Naja ich denke dieses Jahr brauchst du damit nicht mehr rechnen. Blizzard wird erst mal abwarten, was die regionalen Gerichte daraus machen.


----------



## Caps-lock (8. Juli 2012)

Im Grunde würdest du ja die gleiche Lizenz weiternutzen.
Das heißt irgendwelche Wiederherstellungen, möglicherweise Verwarnungen etc. könnten dann ja auch "vererbt" werden ^^.
Alle Reden immer davon, dass sie ihr Diablo 3 verkaufen wollen, aber wer würde ein gebrauchtes D3 ohne Account überhaupt kaufen wollen oO.


----------



## Krueger (8. Juli 2012)

Kann mir mal jemand erkläre was dieses Urteil mit Blizzard zu tun hat? Blizzard hat soweit ich weiß noch niemanden verklagt weil er irgendwelche gebrauchte Software verkauft hat. Es ist ja sogar ein richtiger Wirtschaftszweig darum entstanden. Inwiefern ändert das URteil also etwas am Status Quo?


----------



## xynlovesit (9. Juli 2012)

Ihr versteht das nicht oder? Wie verkauft Ihr denn bitte ein Spiel, wie wollt Ihr das der Person verkaufen? Wollt Ihr das Spiel per E-Mail schicken oder was? Das ist unmöglich und Ihr verfügt auch keine Rechte über die Download Server von Blizzard. Ebenso, du möchtest gekaufte Musik von iTunes verkaufen. Wie geht das?  Du hast eine Lizenz gekauft, bei dem Spiel von Diablo 3 und diese benutzt. Ab diesem Punkt ist diese nicht mehr zum Weiterverkauf oder Rückgabe gültig. Ebenso ist diese an einen Account geknüpft, d.h du müsstest den ganzen Account verkaufen. 


Von daher nicht möglich.


----------



## Nexilein (9. Juli 2012)

Krueger schrieb:


> Kann mir mal jemand erkläre was dieses Urteil mit Blizzard zu tun hat? Blizzard hat soweit ich weiß noch niemanden verklagt weil er irgendwelche gebrauchte Software verkauft hat. Es ist ja sogar ein richtiger Wirtschaftszweig darum entstanden. Inwiefern ändert das URteil also etwas am Status Quo?

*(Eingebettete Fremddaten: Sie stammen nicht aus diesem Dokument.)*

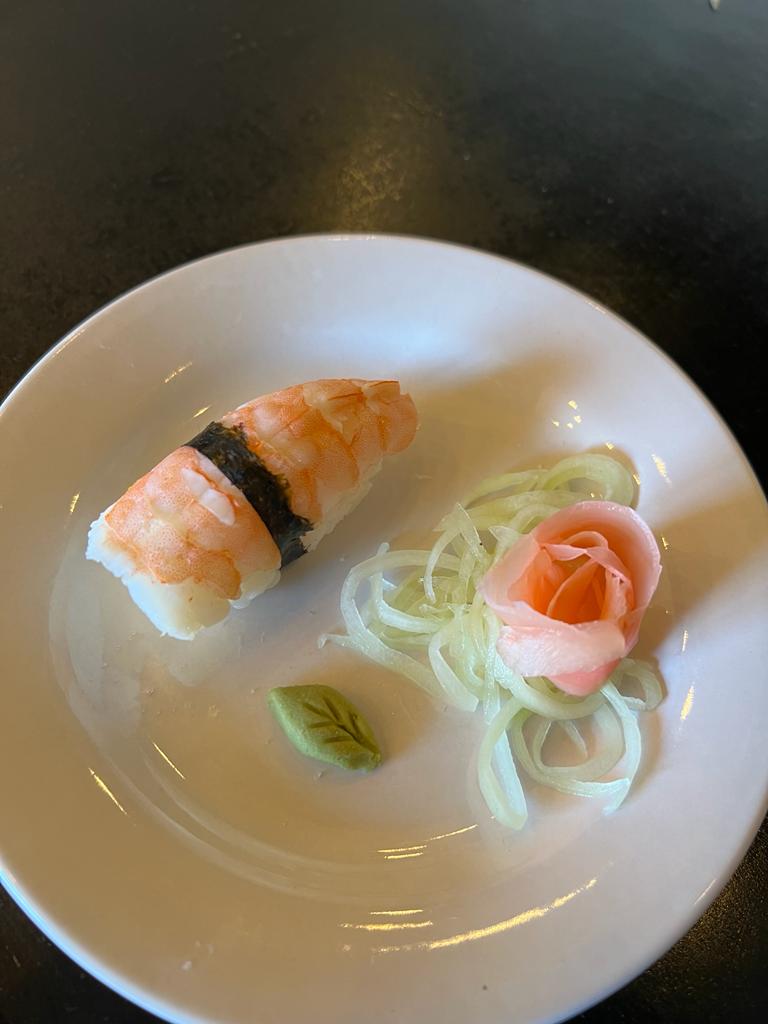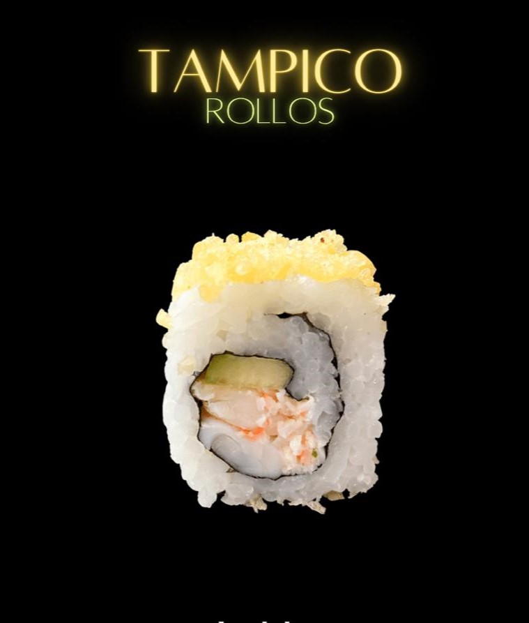 Relleno de camarón, tampico, pepino, cubierto con chispas tempura y salsa de anguila.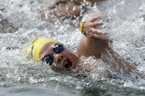 South Africa's Natalie du Toit swims in the Women's 10km Marathon at the 2008 Beijing Olympic Games at the Shunyi Rowing and Canoeing Park in Beijing on August 19, 2008. Russia's Larisa Ilchenko won the gold medal, with Great Britain's Keri-Anne Payne and Cassandra Patten claiming the silver and bronze respectively. [Agencies]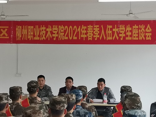 新闻网消息(图、文/ 保卫处 谭跃) 2021年3月15日下午,我校2021年春季应征入伍大学生座谈会暨欢送会在柳州军分区军事训练基地召开。鱼峰区武装部部长郭跃飞,我校副校长王伟、保卫处(武装部)处(部)长钟旭等负责人、相关工作人员及2021年春季应征入伍的32名学生参会。会议由钟旭主持。郭跃飞、王伟与应征入伍学生亲切交流,了解学生的入伍动机、服役部队以及今后的打算。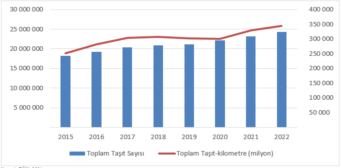 Türkiye'de 2022 yılında trafiğe kayıtlı toplam motorlu kara taşıtları sayısı bir önceki yıla göre 5% artarken toplam taşıt-km 4,3% artış gösterdi. Taşıt sayısı; motosikletlerde 10,6%, otomobillerde 4,1%, kamyonetlerde 3,9%, kamyonlarda 3,7 %, minibüslerde 0,5% artarken otobüslerde 0,2% azaldı. Taşıt-km ise otomobillerde 7,0%, motosikletlerde 4,9%, otobüslerde 3,6%, kamyonlarda 3,0% artarken kamyonetlerde 0,8%, minibüslerde 0,2% azaldı.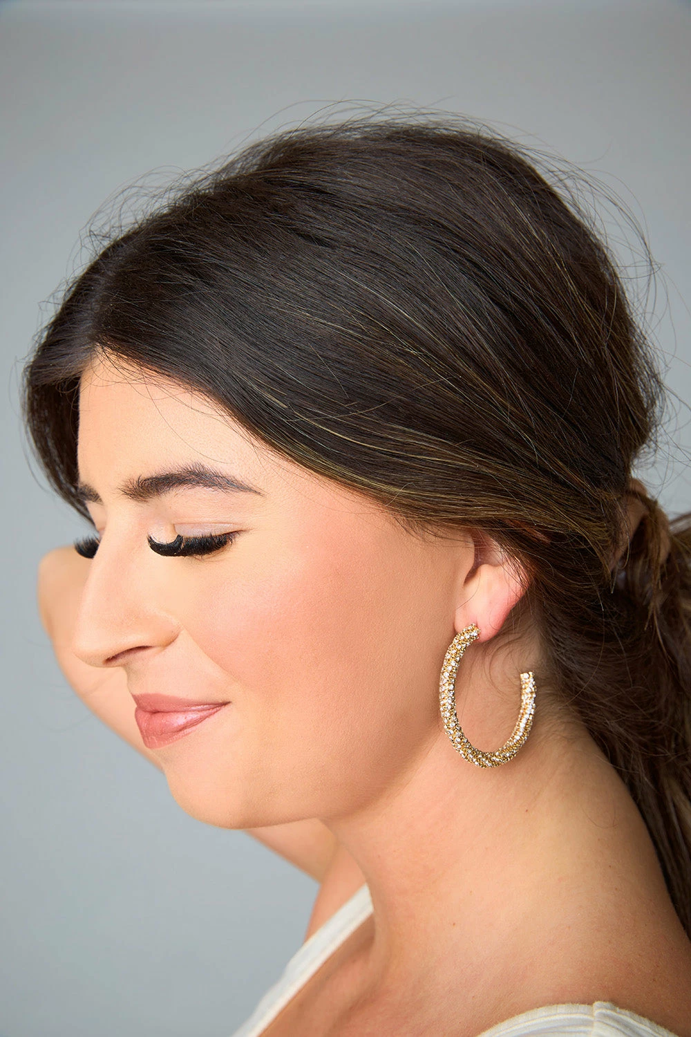 The Riley Hoops are your not so basic gold hoops. They have a little extra sparkle to them and will shine– just like you!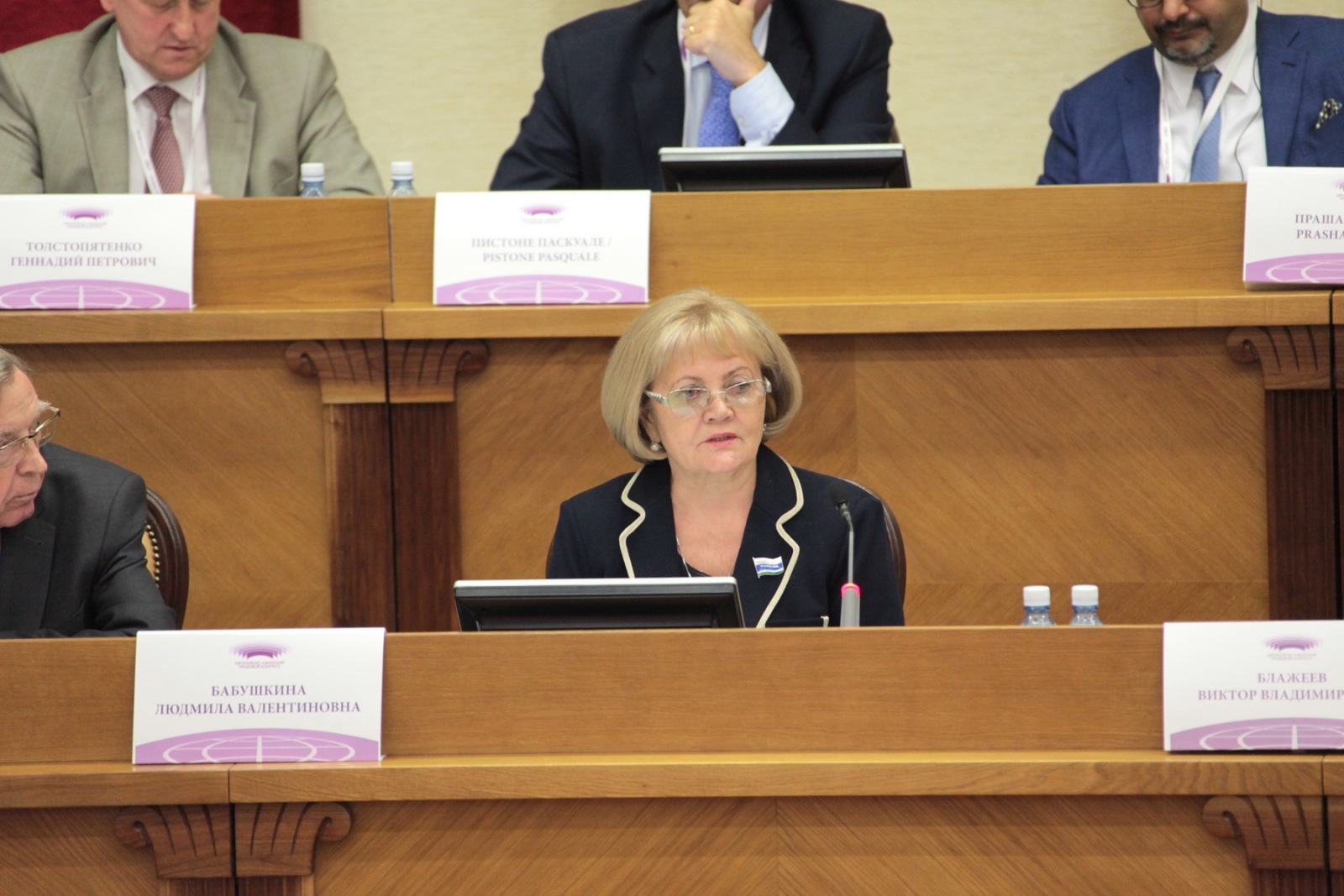 Обращаясь к участникам сессии, председатель Законодательного Собрания Свердловской области, почетный профессор Уральского государственного юридического университета Людмила Бабушкина отметила, что в настоящее время развитие мировой экономики сталкивается с существенными вызовами, среди которых значительный разрыв и диспропорции в социально-экономическом развитии стран и регионов, рост масштабов международного терроризма и неконтролируемой миграции.

Es geht eigentlich nur darum, wie man den Weiterverkauf von Software in der Praxis realisiert.
Bei "normaler" Software ist das kein Problem, da bekommt der Verkäufer CDs, Handbuch, etc. und gut ist es.

Bei digitalen Downloads oder Spielen die z.B. mit dem Battle.net Account verknüpft sind wird es aber schwierig. Denn du selber kannst dein Diablo oder WoW ja nicht auf einen anderen B-net Account transferieren; das müsste Blizzard für dich machen.
Genau hier wird es schwierig, denn so etwas kann von vornherein ausgeschlossen werden, und dann sind deine Lizenzen praktisch nicht verkäuflich.
Die Frage ist also ob Blizzard die Übertragung vorher ausgeschlossen hat, und wenn ja ob sie sich evtl. doch kulant zeigen.

Wirklich spannend ist das bei PC-Spielen aber eigentlich nicht. Wesentlich interessanter wird es bei teurer Software in Verbindung Support-Verträgen, etc..


----------



## Krueger (9. Juli 2012)

Nexilein schrieb:


> Es geht eigentlich nur darum, wie man den Weiterverkauf von Software in der Praxis realisiert.
> Bei "normaler" Software ist das kein Problem, da bekommt der Verkäufer CDs, Handbuch, etc. und gut ist es.



Sehe ich auch so.



> Bei digitalen Downloads oder Spielen die z.B. mit dem Battle.net Account verknüpft sind wird es aber schwierig. Denn du selber kannst dein Diablo oder WoW ja nicht auf einen anderen B-net Account transferieren; das müsste Blizzard für dich machen.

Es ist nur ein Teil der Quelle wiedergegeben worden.